> _Assigned task_
Every line of the listing below should be written out exactly, minus its pictures.

> _Exercise data_

----------------

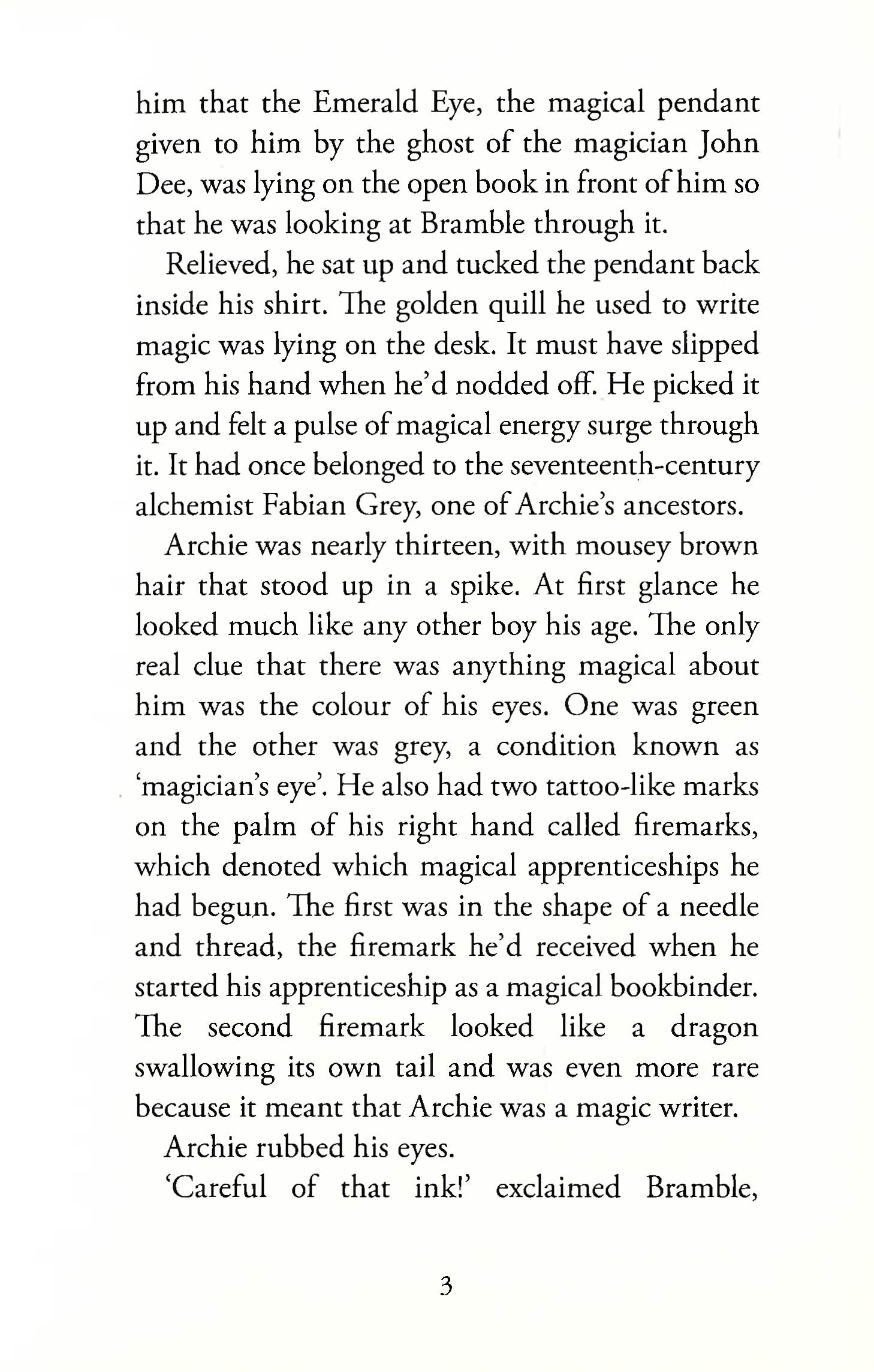Inside the Scriptorium in the Museum of Magical Miscellany, a black flame flickered across an open page. The letters of the spell twisted and distorted in the dark fire until there was nothing left but cinders. Archie and the Alchemist's Club have been rewriting the magical spells contained within books, but someone is drawing on their power for evil purposes. The museum Elders confirm that their worst fears have come true - the Dark Flame is rising, and they can only stop it by uncovering Fabian Grey's prophecy. Archie vows to help - but is he more closer to the prophecy than he knows? And who is behind the mysterious notes for him, labelled F. G, and with the sign of a raven? With traitors at the museum, and dark magic on the rise, it will be up to Archie to uncover his destiny, protect his friends, and save magic as he knows it.
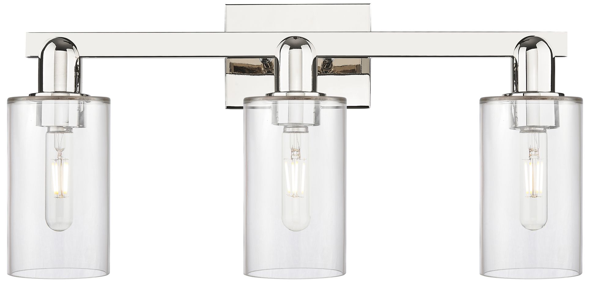 Arcadia Clymer 23"W 3 Light Polished Nickel Bath Light w/ Clear Shade
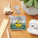 Le Pingouin in yellow rain and slicker standing in the rain in a puddle as lightning strikes above, to personalize.
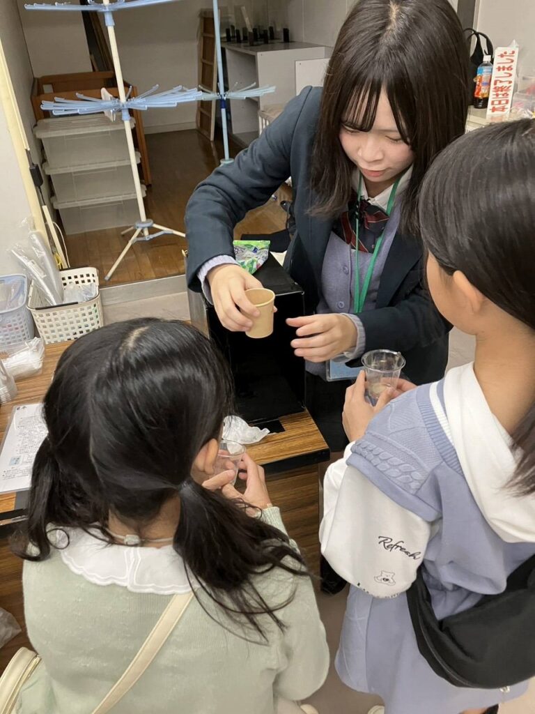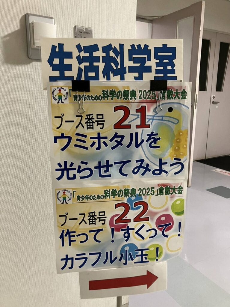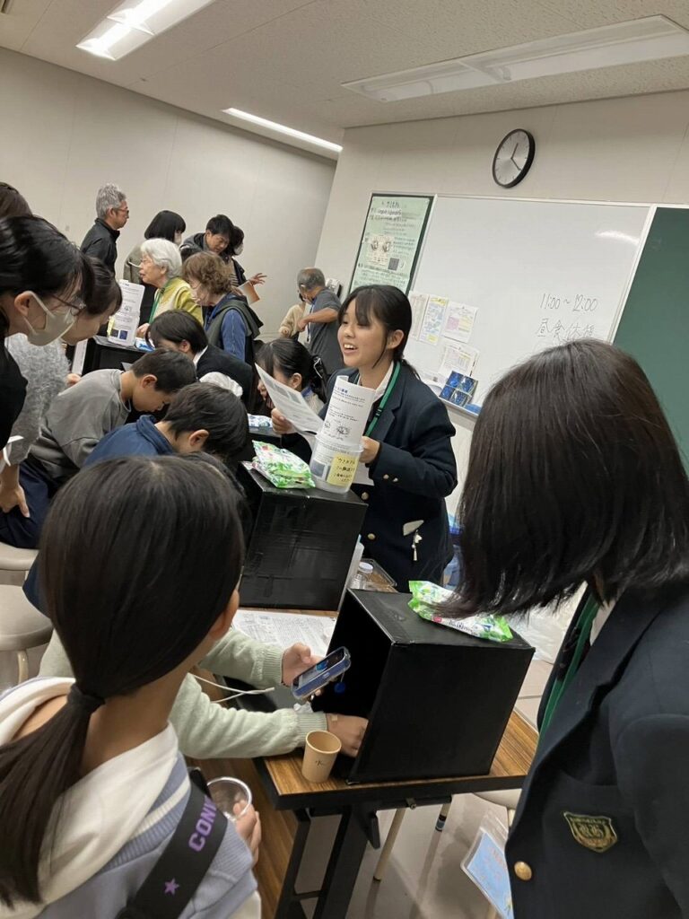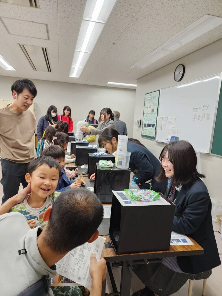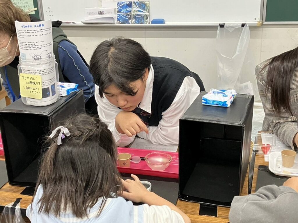 ボランティア希望の1・2年生が11月8日(土)・9日(日)に「ウミホタルを光らせてみよう」ブースの補助講師を務めました。約350人の子ども達と保護者にウミホタルの生態や発光の仕組みについて説明をし、実験補助を行いました。生きているウミホタルに刺激を与えて発光する様子や、乾燥させたウミホタルをつぶしてそれに含まれる物質の化学反応で発光する様子を観察してもらいました。青く美しい光に子ども達が笑顔になり、こちらも嬉しい体験でした。科学の魅力をさらに広めていきたいです。

----------------

> _Task result_
Inside the Scriptorium in the Museum of Magical Miscellany, a black flame flickered across an open page. The letters of the spell twisted and distorted in the dark fire until there was nothing left but cinders. Archie and the Alchemist's Club have been rewriting the magical spells contained within books, but someone is drawing on their power for evil purposes. The museum Elders confirm that their worst fears have come true - the Dark Flame is rising, and they can only stop it by uncovering Fabian Grey's prophecy. Archie vows to help - but is he more closer to the prophecy than he knows? And who is behind the mysterious notes for him, labelled F. G, and with the sign of a raven? With traitors at the museum, and dark magic on the rise, it will be up to Archie to uncover his destiny, protect his friends, and save magic as he knows it.
 Arcadia Clymer 23"W 3 Light Polished Nickel Bath Light w/ Clear Shade
 Le Pingouin in yellow rain and slicker standing in the rain in a puddle as lightning strikes above, to personalize.
 ボランティア希望の1・2年生が11月8日(土)・9日(日)に「ウミホタルを光らせてみよう」ブースの補助講師を務めました。約350人の子ども達と保護者にウミホタルの生態や発光の仕組みについて説明をし、実験補助を行いました。生きているウミホタルに刺激を与えて発光する様子や、乾燥させたウミホタルをつぶしてそれに含まれる物質の化学反応で発光する様子を観察してもらいました。青く美しい光に子ども達が笑顔になり、こちらも嬉しい体験でした。科学の魅力をさらに広めていきたいです。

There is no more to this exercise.